ARS | Publication request: Protection Of Alveolar Macrophages And MARC 145 Cells From Porcine Reproductive And Respiratory Syndrome Virus Challenge By Swine Interferon-Beta

Submitted to: Porcine Reproductive and Respiratory Syndrome International Symposium
Publication Type: Abstract Only
Publication Acceptance Date: November 15, 2006
Publication Date: December 1, 2006
Citation: Overend, C., Mitchell, R., He, D., Rompato, G., Grubman, M.J., Garmendia, A.E. 2006. Protection Of Alveolar Macrophages And MARC 145 Cells From Porcine Reproductive And Respiratory Syndrome Virus Challenge By Swine Interferon-Beta International Porcine Reproductive and Respiratiory Syndrome (PRRS) Symposium 2006. P. 26. . Porcine Reproductive and Respiratory Syndrome International Symposium.

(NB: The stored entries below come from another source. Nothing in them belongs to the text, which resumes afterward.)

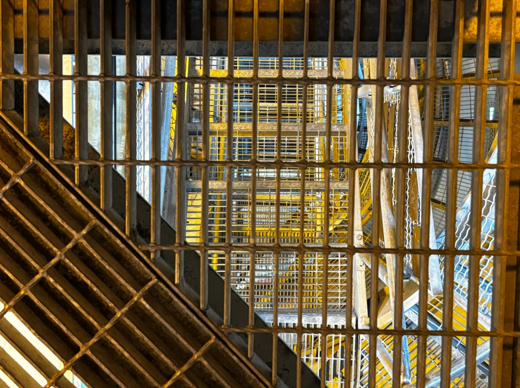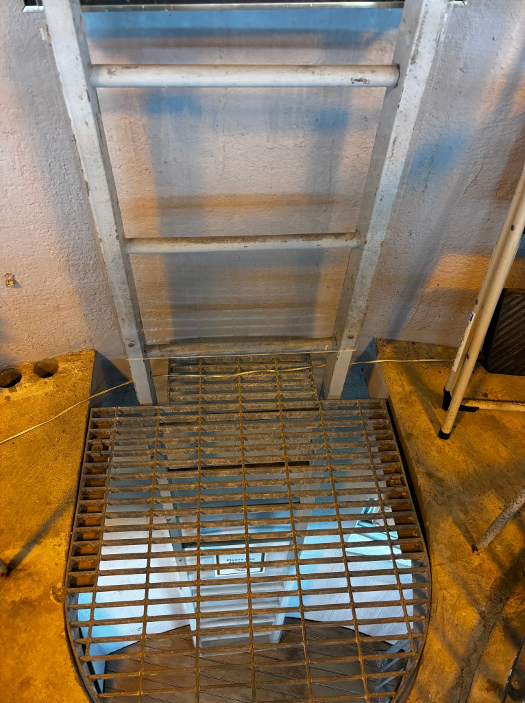 The tower walls were made of one-foot concrete poured in place.  The tower is seventeen feet wide with an interior that is fifteen feet in diameter.  The walls were reinforced with iron bars but almost everything else was made of wood.  Metals were needed elsewhere in the war effort.
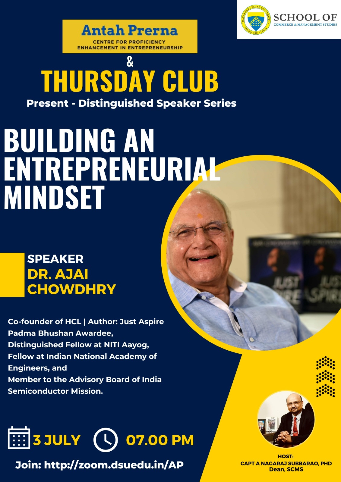 SCMS DSU to host Business Standard Insight Talks with Renowned Entrepreneur Mr C.K. Kumaravel on 7th August
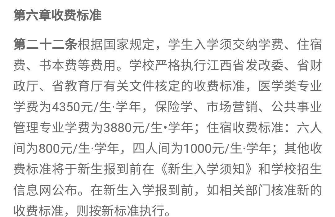 从赣南医学院2023年招生章程悉知,学校将严格执行江西省发改委、江西省财政厅、省教育厅有关文件核定收费标准 具体如下面截图:
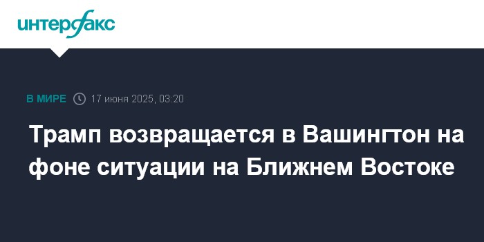 Москва. 17 июня. INTERFAX.RU - В связи с ситуацией на Ближнем Востоке президент США Дональд Трамп досрочно покидает проходящий в Канаде саммит "большой семерки" и возвращается в Вашингтон, сообщили в Белом доме.
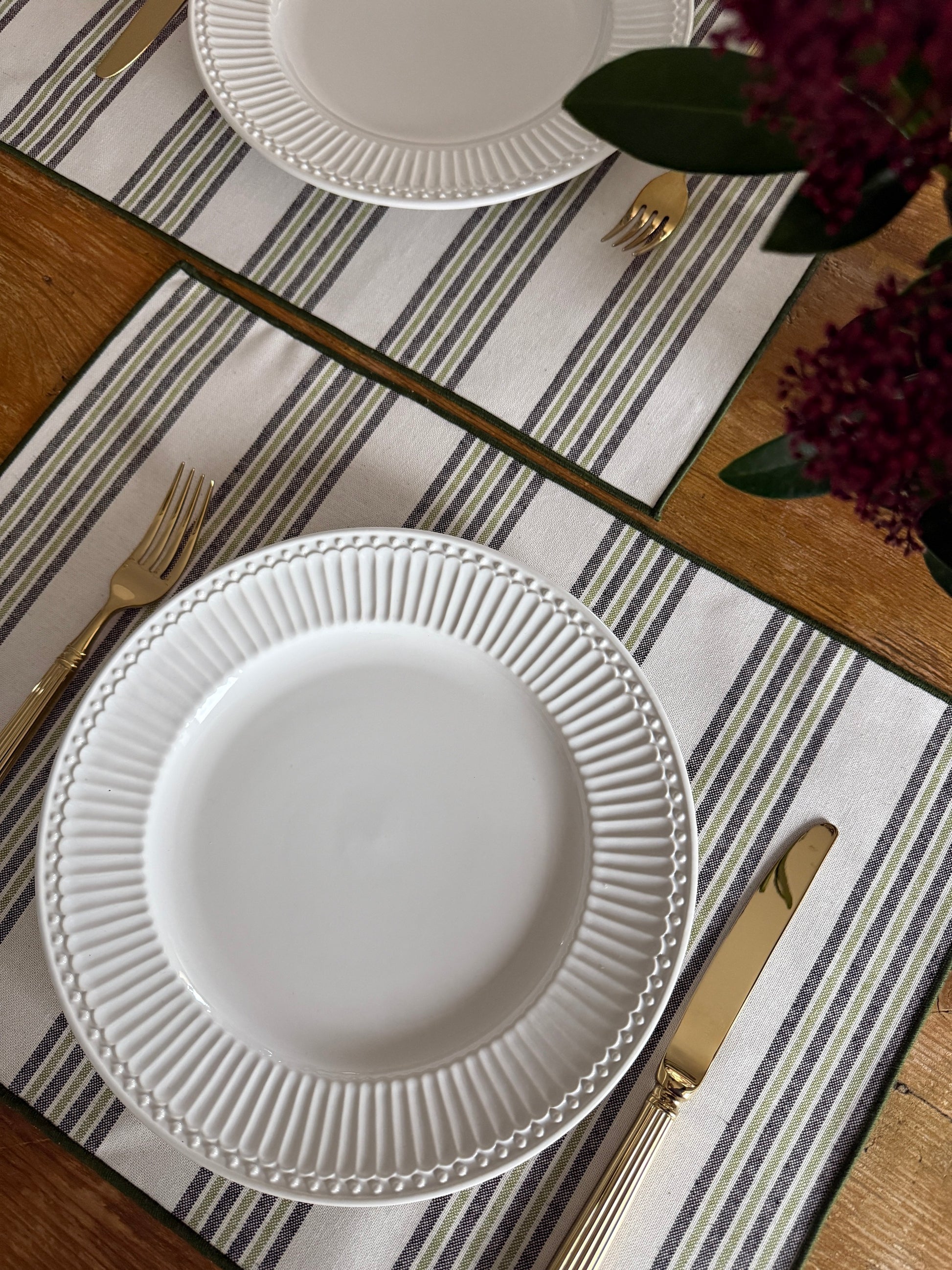 Confeccionado en algodón resinado, resistente y práctico para el día a día. Un diseño fresco y atemporal que funciona igual de bien en comidas al aire libre como en cenas acogedoras en casa.
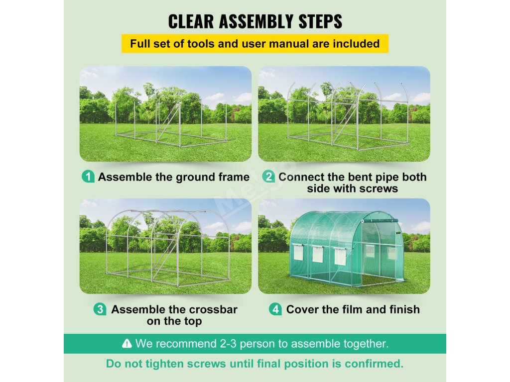 Instalace naší sady obručového skleníku je bezproblémová díky našemu přehlednému a snadno čitelnému návodu k použití. Stačí najít správné díly a zkombinovat je, pak bude proces instalace dokončen.
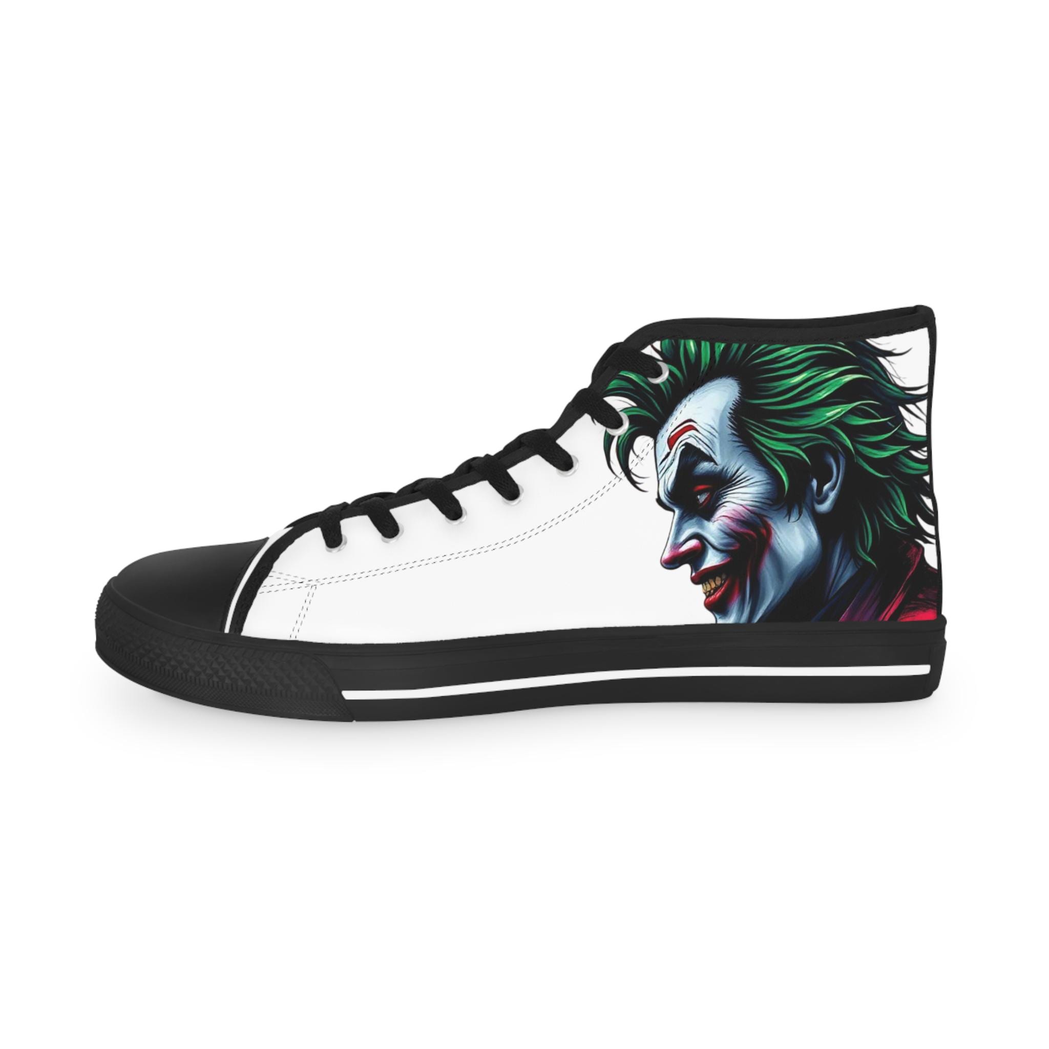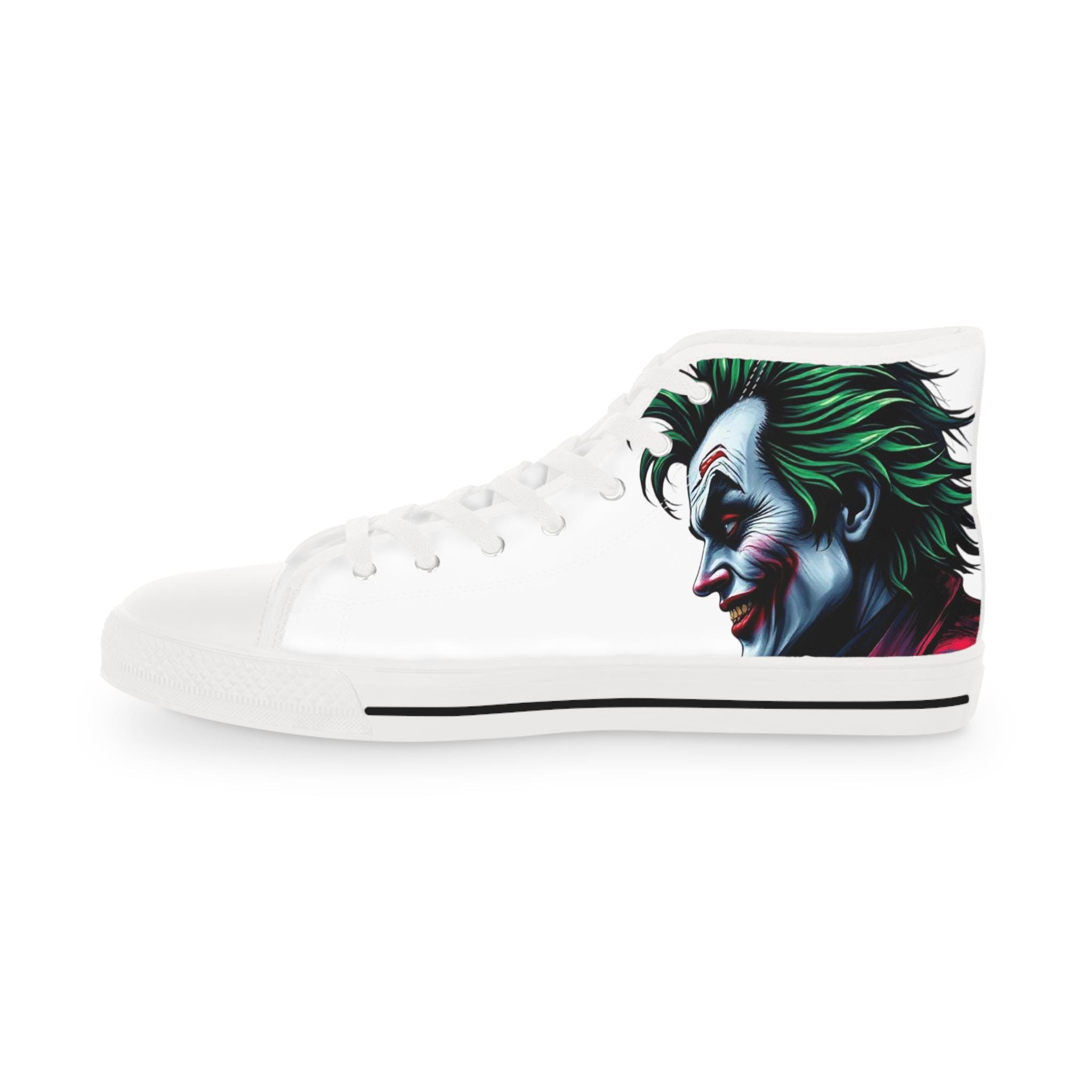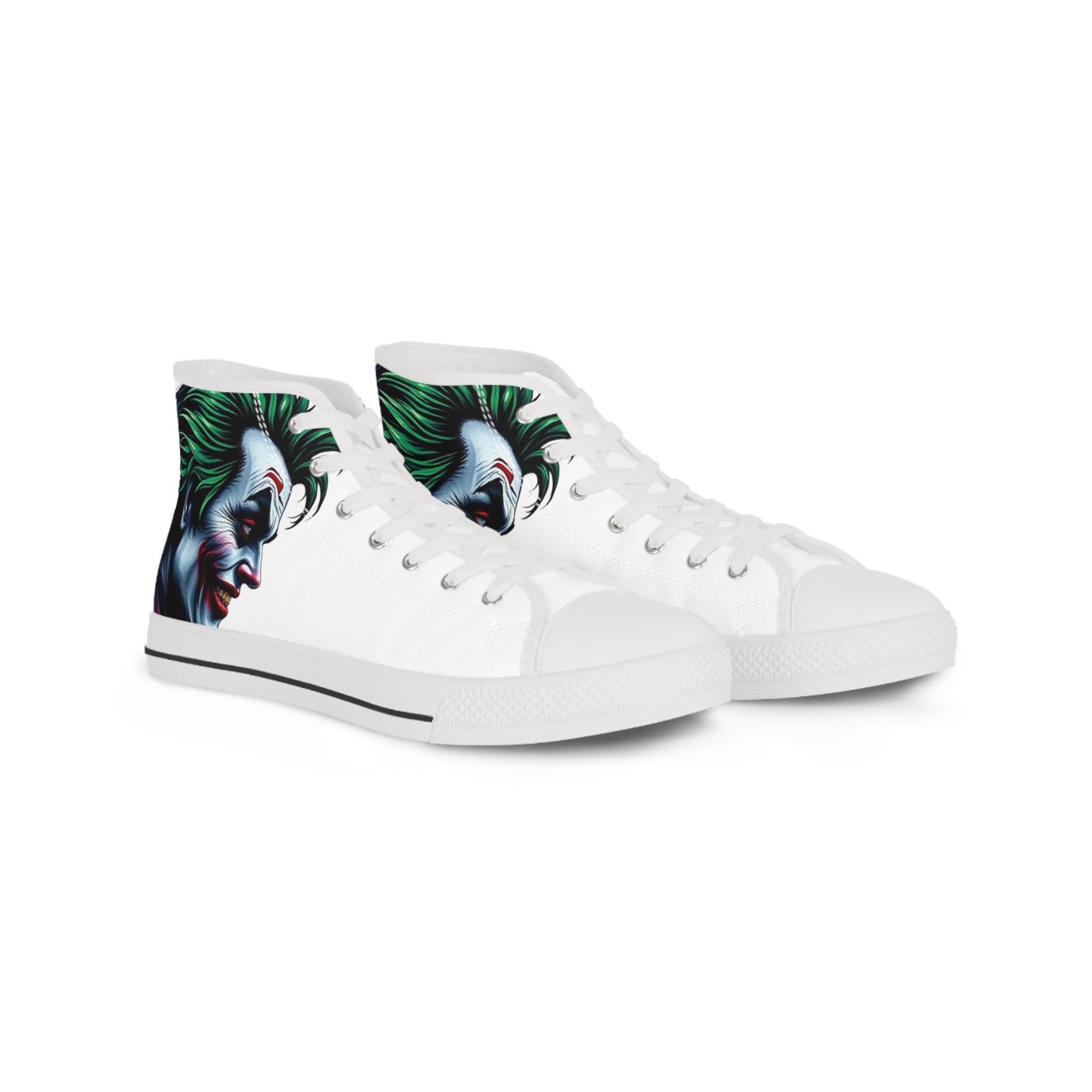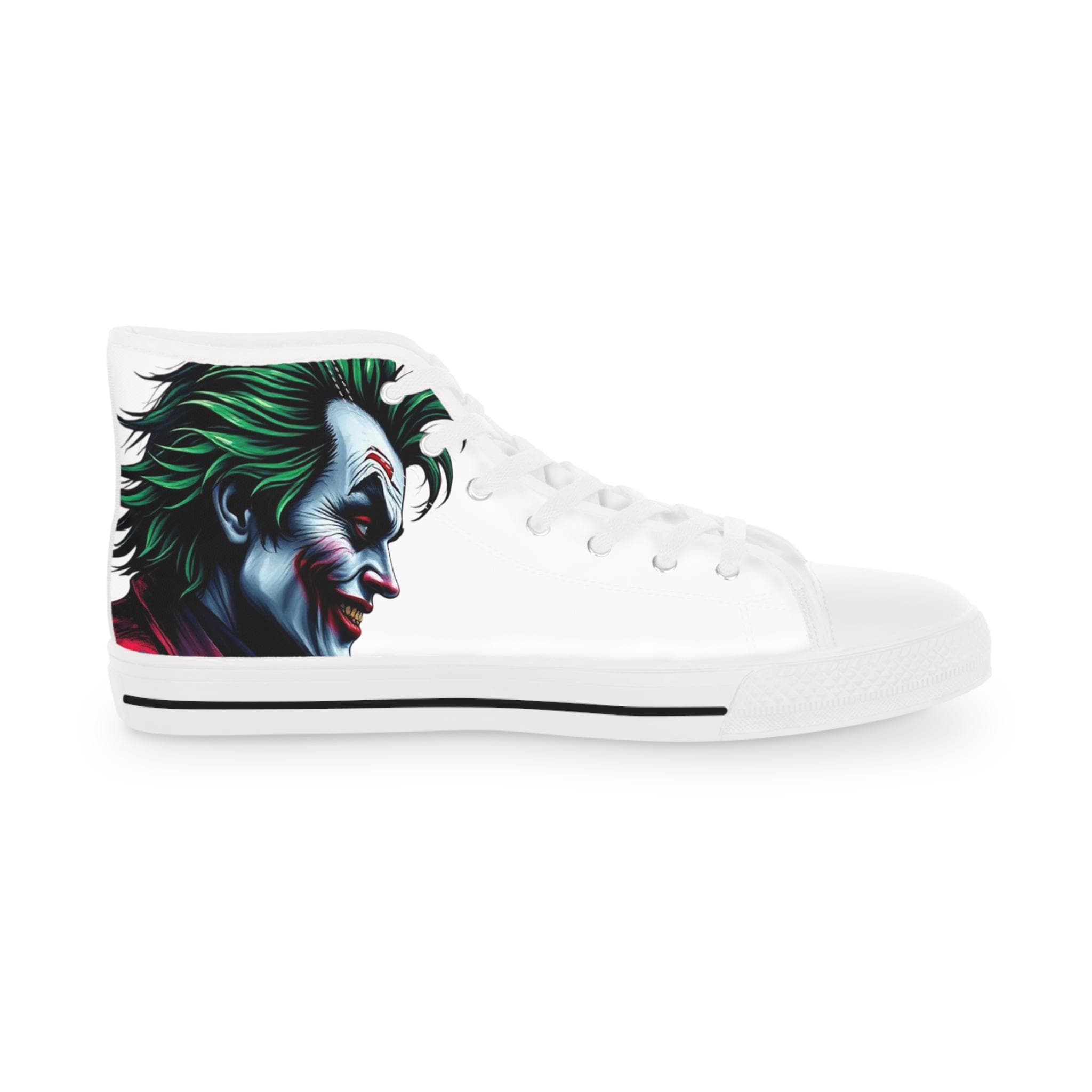 These high-top sneakers carry a dark, cinematic energy—your steps feel loud even when silent. The wraparound print places a grim, painted grin at the ankle and tongue, so every stride reveals another sliver of the portrait. The canvas upper breathes while a cushioned EVA memory-foam insole takes the edge off long days. Metal eyelets and a pleather-reinforced toe add a gritty durability that matches the shoe’s bold attitude. Wear them with cropped jeans or a long coat; they pull a whole outfit toward the dramatic and unapologetic.
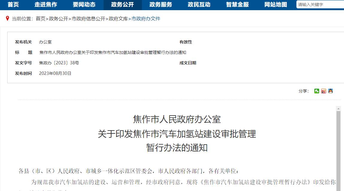 新動向!《焦作市汽車加氫站建設審批管理暫行辦法》重磅出臺
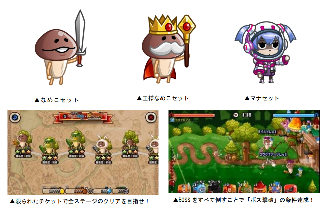 コラボ開催期間中、1日3枚配布される“ひとりで”のチケット消費で、バトル内の「SP討伐イベント」から、コラボSP討伐イベント「なめこ栽培キット×城とドラゴン」に挑戦できます。討伐イベントは敵の城を落城させないとステージクリアとならない特別ルールとなっており、 “初級”から“上級”へと進む難易度別のステージへとクリアしていくことで、剣士用の限定お着替え“なめこセット”“王様なめこセット”“マナセット”やゲーム内アイテムが獲得できます 。

Technical Abstract: Interferon beta, a type I IFN, is crucial in initiating the innate immune response and in the generation of the adaptive response. This study demonstrated the capacity of swine interferon beta (swIFN beta) to protect porcine alveolar macrophages (PAM) and MARC145 cells from infection with porcine reproductive and respiratory syndrome virus (PRRSV). The swIFN beta used in this study was produced in HEK293 cells via a recombinant replication-defective human adenovirus 5 (Ad5) encoding the swIFN beta gene (Ad5 swIFN beta). At various times after infection of HEK293 cells infected with either Ad5-swIFN beta or Ad5-Blue (control) supernatants were harvested, acid treated (pH 2.0) and neutralized. To test antiviral activities, target cells, MARC145 or PAMs, were incubated for 18-20 hours with dilutions of either of the treated supernatants. The cells were then infected with PRRSV, and the presence of cytopathic effects (CPE) recorded. The results showed that cells treated with Ad5-swIFN beta supernatants had no CPE while the cells treated with control supernatant had CPE. As expected uninfected control cell monolayers remained intact throughout the test period, whereas untreated, PRRSV-infected cells exhibited marked CPE. Culture supernatants of IFN-primed PAMs or MARC145 cells were collected at various time-points post-infection for determination of viral RNA loads using real time RT-PCR. The PCR analysis of these culture supernatants supported the findings of the protective effects of swIFN beta recorded as CPE, and demonstrated that protection occurred in a dose dependent manner. Furthermore, supernatants of HEK293 cells infected with Ad5-swIFN beta were affinity purified on a Sepharose-anti-swIFN beta column. Priming with the IFN beta affinity fractions protected MARC145 cells from infection with PRRSV, thus confirming earlier results obtained with crude supernatant preparations. These findings demonstrate that swIFN beta is capable of protecting both PAMs and MARC145 cells from subsequent infection with PRRSV.